[SOURCE DATA]
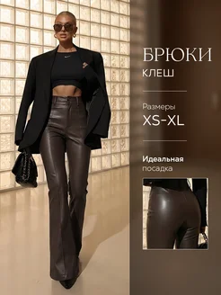 Брюки кожаные клеш классические для высоких
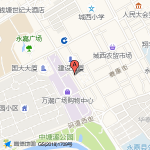 停车场(嘉康街)位于上塘中心城区南城街道永兴路388号(万潮广场购物中心)购物中心西南方向73.6954米的位置。
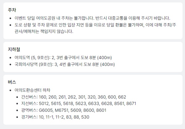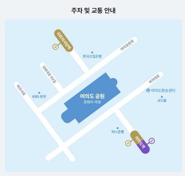 - 주차 및 교통: 주차는 되도록 대중교통 이용바람 / 지하철 5호.9호선 여의도역 2,3번 출구 도보 8분
[/SOURCE DATA]
_EXERCISE OBJECTIVE_. Any picture in the material is to be left out, and everything else is to be retyped as is.

_ANSWER BOX_.
 Брюки кожаные клеш классические для высоких
 停车场(嘉康街)位于上塘中心城区南城街道永兴路388号(万潮广场购物中心)购物中心西南方向73.6954米的位置。
 - 주차 및 교통: 주차는 되도록 대중교통 이용바람 / 지하철 5호.9호선 여의도역 2,3번 출구 도보 8분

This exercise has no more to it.